Big opportunities in maritime sector

Published: Monday | April 16, 2012 Comments 0
Education Minister Ronald Thwaites (second right) makes a point to (from left) Jamaica College Foundation Chairman R. Danny Williams; Executive Director of the HEART Trust/NTA Dr Carolyn Hayle; and Executive Director of the Caribbean Maritime Institute Dr Fritz Pinnock, during a meeting held at the CMI, Palisadoes Park, last Thursday. - Winston Sill / Freelance Photographer
Education Minister Ronald Thwaites (second right) makes a point to (from left) Jamaica College Foundation Chairman R. Danny Williams; Executive Director of the HEART Trust/NTA Dr Carolyn Hayle; and Executive Director of the Caribbean Maritime Institute Dr Fritz Pinnock, during a meeting held at the CMI, Palisadoes Park, last Thursday. - Winston Sill / Freelance Photographer

Jamaica stands to gain billions of dollars if the maritime sector receives the necessary investment.

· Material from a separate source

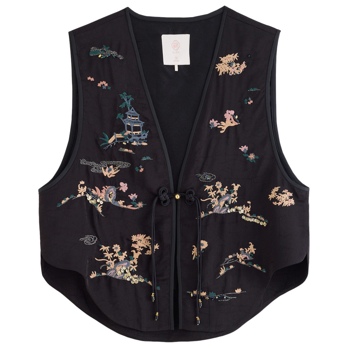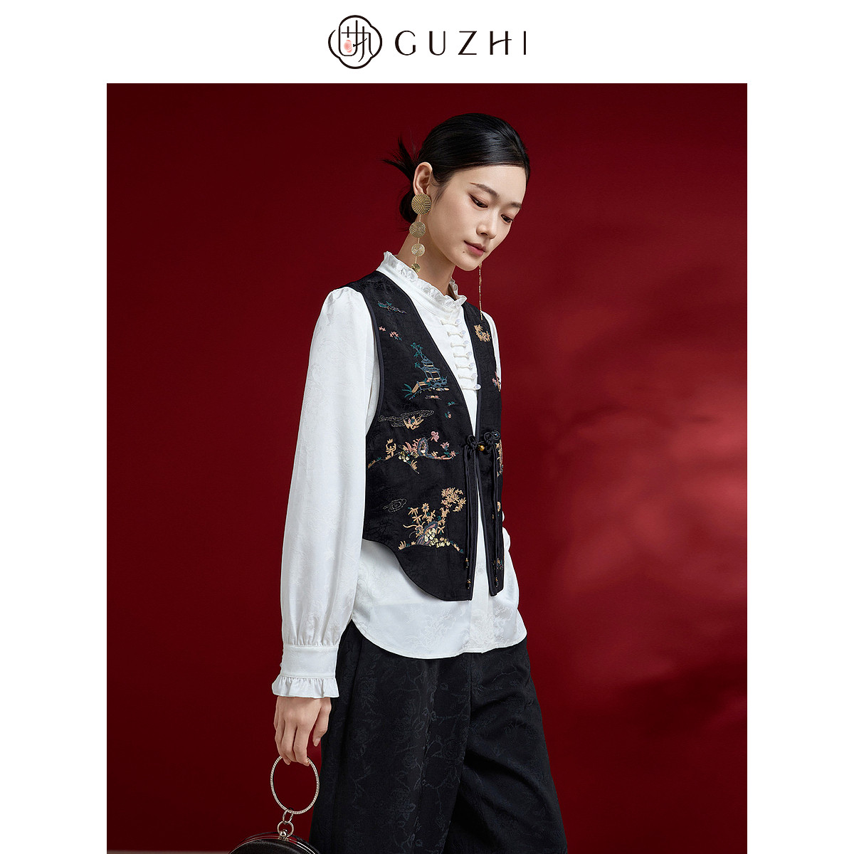 固执2026春季新款新中式国风v领刺绣短款马甲背心外套女上装

Fritz Pinnock, executive director of the Caribbean Maritime Institute (CMI), gave eye-opening figures last Thursday during a presentation at the CMI to sensitise stakeholders and investors about the various job and investment opportunities in the sector.

Pinnock was joined by Jamaica College (JC) principal, Ruel Reid, and HEART Trust/NTA Executive Director Dr Carolyn Hayle as all three entities have come together to bring awareness to the sector's bright potential - potential which is even greater in light of the expansion of the Panama Canal, slated to be completed in 2014.

Pointing to "electro-mechanical technician" as one occupation arising from the industry, Pinnock said that maritime was about more than ports.

"This position can earn, in Belgium, 7,000 a month as a starting salary. Here in Jamaica we can target 2,000 of these people times 84,000 per year. That's over J$20 billion in salary. That's just one small position," he argued.

Pinnock noted that when an individual works on a ship, his way is paid so he have no expenses like rent. Putting it in context, he suggested that those workers could give back more to the island.

"I'm sure 40 to 50 per cent of that (investment) could come from remittances. What an impact that would have on Jamaica's economy!" he said.

Strategically positioned

Pinnock used The Philippines as an example of a nation putting the maritime sector to good use.

"Today, over 400,000 jobs and over 15 per cent of their GDP comes from just remittances from the maritime area. Jamaica, that is so strategically positioned ... there is tremendous opportunity here and the opportunity lies beyond just the expansion of the physical port facility," he said.

He pointed out that the industry was integrated as many of the engineers who come back from tours are snapped up by companies in other fields.

"During the recession, the Airports Authority was putting out ads 'preferably CMI graduates'. Why? Because they were coming with discipline and they were multi-faceted. Here is an industry that can hit the job market in a big way and we're doing more talking than action," he said.

Also addressing the meeting, Reid read the latest International Labour Organization executive summary report which stated that there was a global backlog of unemployment of 200 million.

"In addition, more than 400 million new jobs will be needed over the next decade to avoid further increase in unemployment," he noted.

The JC principal opined that Jamaica's economy was not meeting its potential and that the maritime sector could help change that.

"We have another opportunity through maritime to catch up and be the Singapore of the West. We want to make this our vision of 2030 - to use these maritime possibilities to be the catalyst to make the right structural adjustments to our economy," he said.

Reid asked guests to dream of a sector that could generate upwards of J$2.5 billion additional foreign exchange earnings, and a sector that could produce upwards of 30,000 high-paying jobs.

Thinking post-2014, he also envisioned six per cent annualised GDP growth.

Hayle, in her contribution, encouraged potential students in the industry to not only get certified, but to know how to apply their knowledge in the real world.

"You can't have a skill without being able to have the academic underpinnings that translate that knowledge into real-time opportunities," she said.

Major opportunity

Hayle noted that the global distribution system for any economy was made up of elements dealing with the air, sea, and information and communications technology.

Business process outsourcing, which she said more foreign investors were asking her agency about, is a major opportunity in the global market as it entails the IT component.

She was of the view that the collaboration of the three local entities would get Jamaica's graduates ready.

"So if we have the skills on the ground in terms of maritime, with the HEART skills, with maritime as well as the IT and logistics that are taught here at CMI, you can see that we have great opportunities," said Hayle.

The event expanded on the memorandum of understanding signed between the CMI and JC last year, with JC being a feeder programme for the CMI.